» **Task details**
The material below is to be copied exactly from the line with "RAMURI , REVISTA" up to and including the line with "昨天17時(shí)10分,碑林區(qū", with nothing else kept and no pictures.

*** Dataset ***

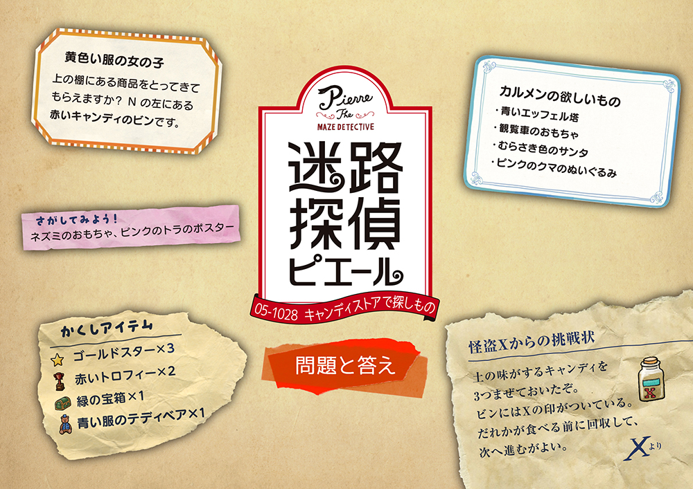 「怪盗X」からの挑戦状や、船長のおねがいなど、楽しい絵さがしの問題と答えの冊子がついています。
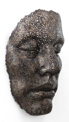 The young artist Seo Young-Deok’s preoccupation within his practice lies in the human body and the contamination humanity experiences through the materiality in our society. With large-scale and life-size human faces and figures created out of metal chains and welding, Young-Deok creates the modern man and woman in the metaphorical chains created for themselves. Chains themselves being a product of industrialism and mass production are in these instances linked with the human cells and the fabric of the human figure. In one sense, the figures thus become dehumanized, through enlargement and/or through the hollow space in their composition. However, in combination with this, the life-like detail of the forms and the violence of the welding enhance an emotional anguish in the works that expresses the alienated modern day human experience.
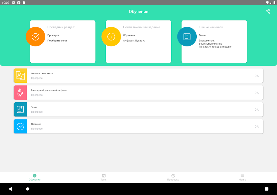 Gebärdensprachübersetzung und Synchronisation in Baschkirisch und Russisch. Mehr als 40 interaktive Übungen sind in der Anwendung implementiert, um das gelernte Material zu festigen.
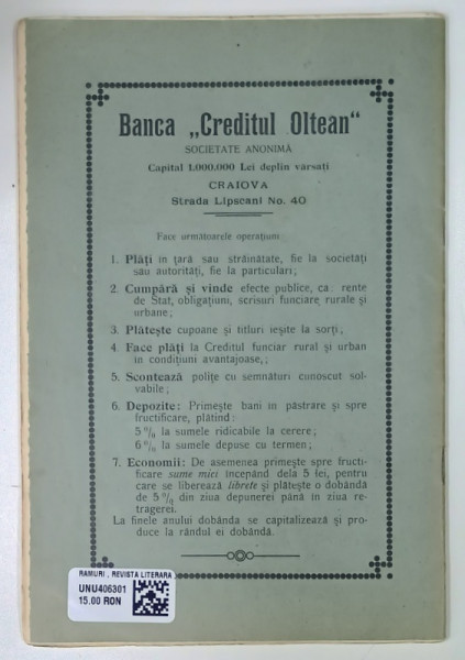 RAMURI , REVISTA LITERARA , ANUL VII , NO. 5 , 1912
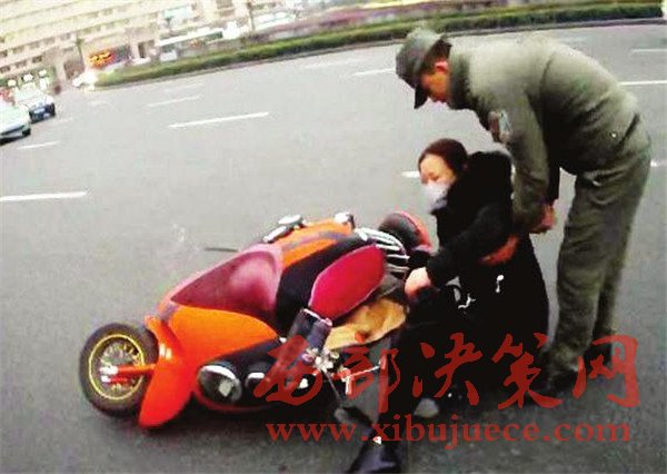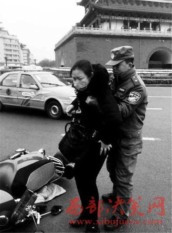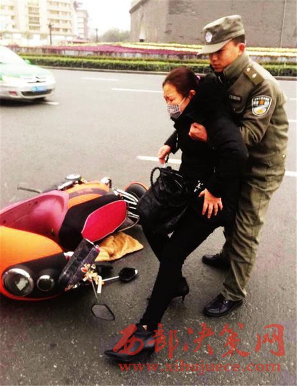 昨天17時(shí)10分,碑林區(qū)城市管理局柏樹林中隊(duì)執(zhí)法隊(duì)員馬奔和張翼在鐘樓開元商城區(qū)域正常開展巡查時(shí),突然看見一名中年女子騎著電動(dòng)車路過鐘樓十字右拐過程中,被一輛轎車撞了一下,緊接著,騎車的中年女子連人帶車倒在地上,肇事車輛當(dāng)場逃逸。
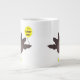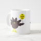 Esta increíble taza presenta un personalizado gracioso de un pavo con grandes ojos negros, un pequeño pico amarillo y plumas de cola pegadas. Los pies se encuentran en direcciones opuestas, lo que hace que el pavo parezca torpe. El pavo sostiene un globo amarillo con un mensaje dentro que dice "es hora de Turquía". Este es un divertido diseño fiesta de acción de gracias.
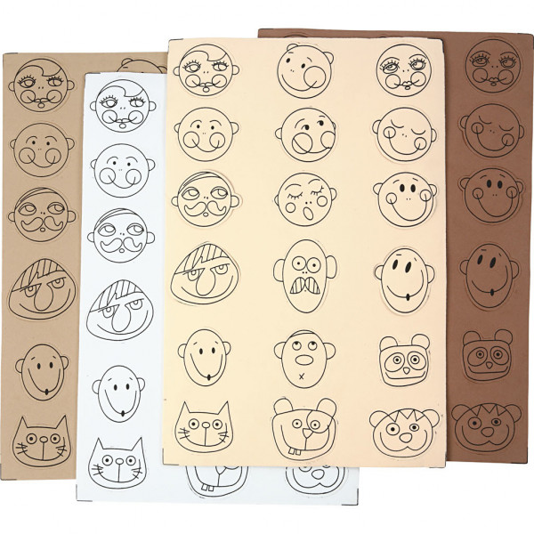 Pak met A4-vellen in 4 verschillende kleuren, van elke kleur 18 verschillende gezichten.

*** End of Dataset ***

» **Answer box**
 RAMURI , REVISTA LITERARA , ANUL VII , NO. 5 , 1912
 昨天17時(shí)10分,碑林區(qū)城市管理局柏樹林中隊(duì)執(zhí)法隊(duì)員馬奔和張翼在鐘樓開元商城區(qū)域正常開展巡查時(shí),突然看見一名中年女子騎著電動(dòng)車路過鐘樓十字右拐過程中,被一輛轎車撞了一下,緊接著,騎車的中年女子連人帶車倒在地上,肇事車輛當(dāng)場逃逸。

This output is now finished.